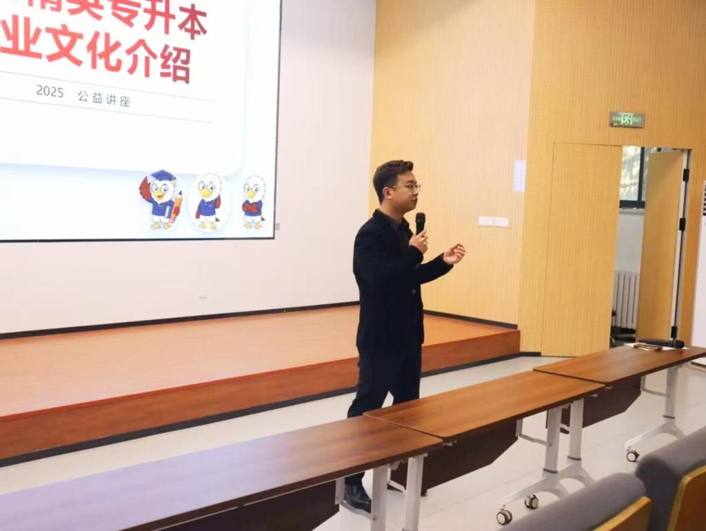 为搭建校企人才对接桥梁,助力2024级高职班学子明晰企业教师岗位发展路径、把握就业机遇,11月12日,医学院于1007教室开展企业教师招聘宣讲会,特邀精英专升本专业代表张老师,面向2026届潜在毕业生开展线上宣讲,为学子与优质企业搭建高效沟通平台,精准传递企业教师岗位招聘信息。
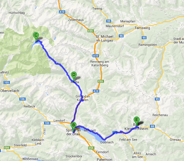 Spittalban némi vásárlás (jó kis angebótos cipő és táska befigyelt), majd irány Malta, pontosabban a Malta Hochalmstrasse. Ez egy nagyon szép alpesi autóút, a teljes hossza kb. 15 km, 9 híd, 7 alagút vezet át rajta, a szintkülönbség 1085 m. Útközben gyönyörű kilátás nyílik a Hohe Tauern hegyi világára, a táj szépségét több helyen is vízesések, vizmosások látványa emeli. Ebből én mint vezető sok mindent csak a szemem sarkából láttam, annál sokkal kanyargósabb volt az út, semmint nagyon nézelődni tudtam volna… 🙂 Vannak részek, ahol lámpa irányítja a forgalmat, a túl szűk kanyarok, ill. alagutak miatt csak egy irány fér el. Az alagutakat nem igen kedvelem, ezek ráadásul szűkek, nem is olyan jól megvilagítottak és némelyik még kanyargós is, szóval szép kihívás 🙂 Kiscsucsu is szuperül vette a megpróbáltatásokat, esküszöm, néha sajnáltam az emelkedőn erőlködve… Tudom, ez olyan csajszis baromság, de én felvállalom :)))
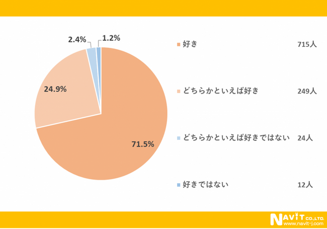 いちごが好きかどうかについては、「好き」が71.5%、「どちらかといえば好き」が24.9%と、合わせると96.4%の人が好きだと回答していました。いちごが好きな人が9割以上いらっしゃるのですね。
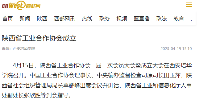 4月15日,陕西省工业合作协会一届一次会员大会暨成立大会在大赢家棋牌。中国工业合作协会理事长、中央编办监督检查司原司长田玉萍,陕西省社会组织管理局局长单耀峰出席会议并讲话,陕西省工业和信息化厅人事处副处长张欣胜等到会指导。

· · ·

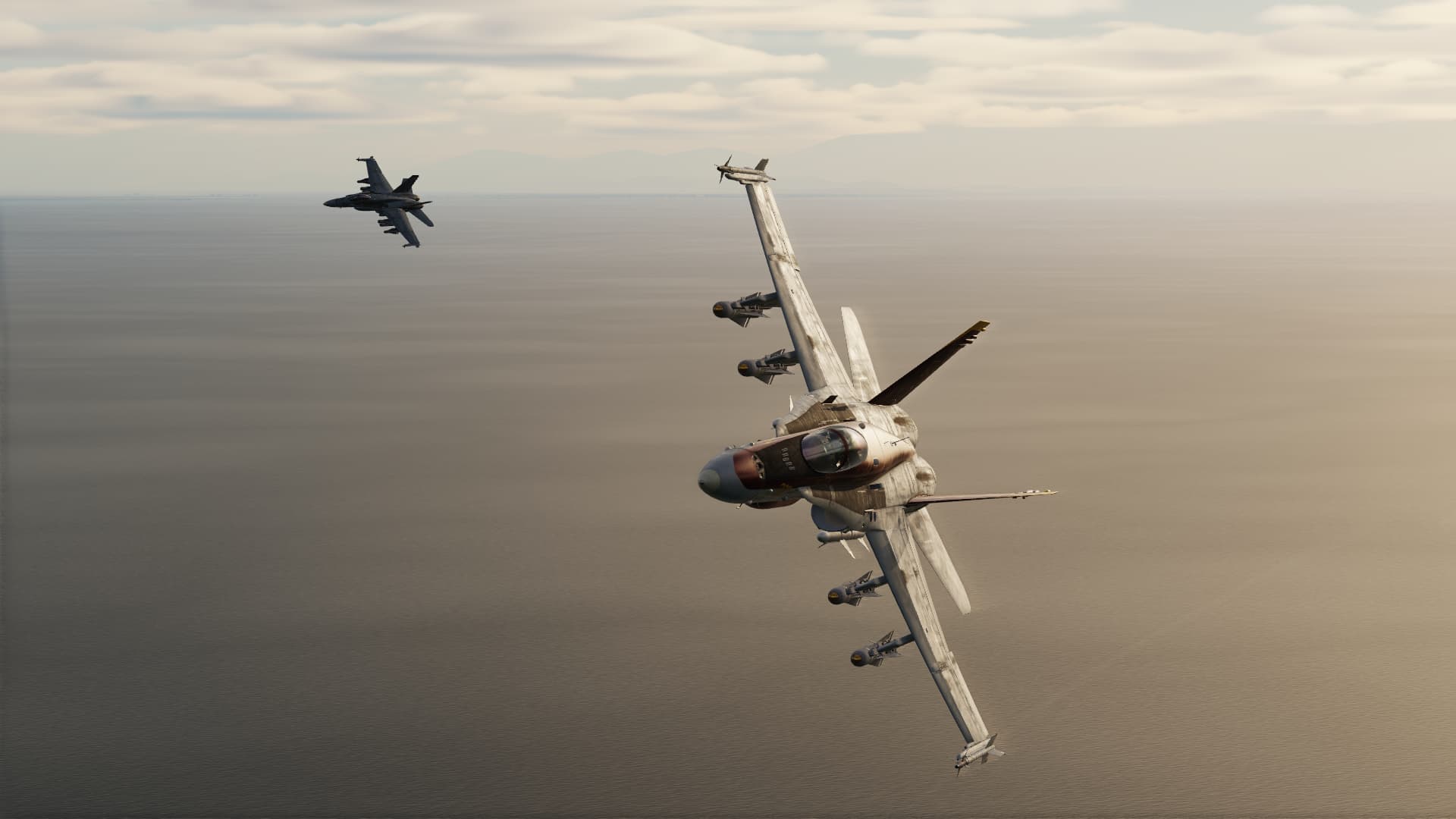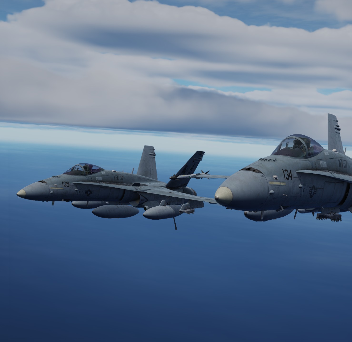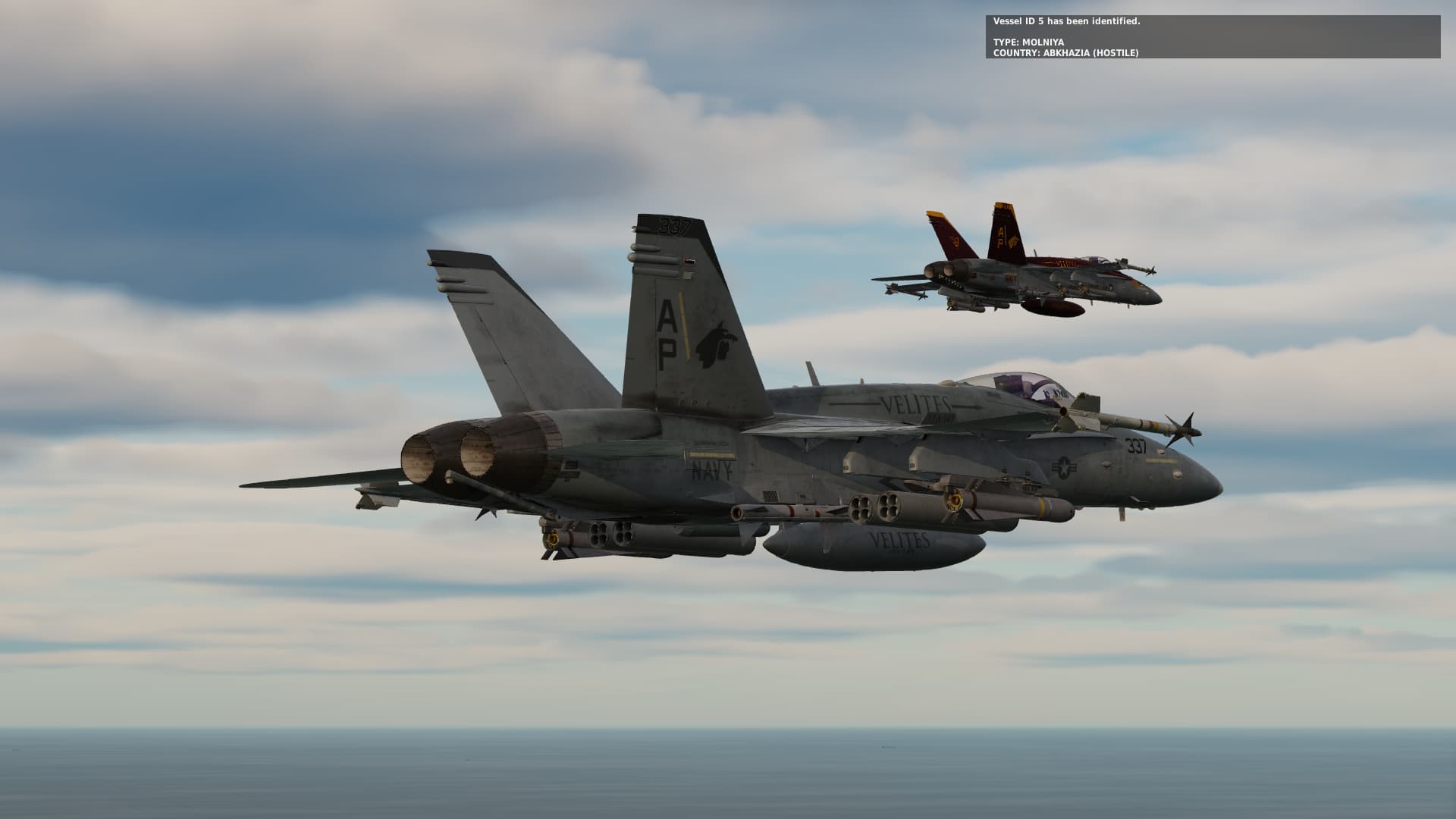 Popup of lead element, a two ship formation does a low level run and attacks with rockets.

· · ·

_Exercise_
Leave the pictures out. Output, exactly, the lines of the material above starting at the line containing "为搭建校企人才对接桥梁,助力" and ending at the line containing "4月15日,陕西省工业合作协".

_Task solution_
 为搭建校企人才对接桥梁,助力2024级高职班学子明晰企业教师岗位发展路径、把握就业机遇,11月12日,医学院于1007教室开展企业教师招聘宣讲会,特邀精英专升本专业代表张老师,面向2026届潜在毕业生开展线上宣讲,为学子与优质企业搭建高效沟通平台,精准传递企业教师岗位招聘信息。
 Spittalban némi vásárlás (jó kis angebótos cipő és táska befigyelt), majd irány Malta, pontosabban a Malta Hochalmstrasse. Ez egy nagyon szép alpesi autóút, a teljes hossza kb. 15 km, 9 híd, 7 alagút vezet át rajta, a szintkülönbség 1085 m. Útközben gyönyörű kilátás nyílik a Hohe Tauern hegyi világára, a táj szépségét több helyen is vízesések, vizmosások látványa emeli. Ebből én mint vezető sok mindent csak a szemem sarkából láttam, annál sokkal kanyargósabb volt az út, semmint nagyon nézelődni tudtam volna… 🙂 Vannak részek, ahol lámpa irányítja a forgalmat, a túl szűk kanyarok, ill. alagutak miatt csak egy irány fér el. Az alagutakat nem igen kedvelem, ezek ráadásul szűkek, nem is olyan jól megvilagítottak és némelyik még kanyargós is, szóval szép kihívás 🙂 Kiscsucsu is szuperül vette a megpróbáltatásokat, esküszöm, néha sajnáltam az emelkedőn erőlködve… Tudom, ez olyan csajszis baromság, de én felvállalom :)))
 いちごが好きかどうかについては、「好き」が71.5%、「どちらかといえば好き」が24.9%と、合わせると96.4%の人が好きだと回答していました。いちごが好きな人が9割以上いらっしゃるのですね。
 4月15日,陕西省工业合作协会一届一次会员大会暨成立大会在大赢家棋牌。中国工业合作协会理事长、中央编办监督检查司原司长田玉萍,陕西省社会组织管理局局长单耀峰出席会议并讲话,陕西省工业和信息化厅人事处副处长张欣胜等到会指导。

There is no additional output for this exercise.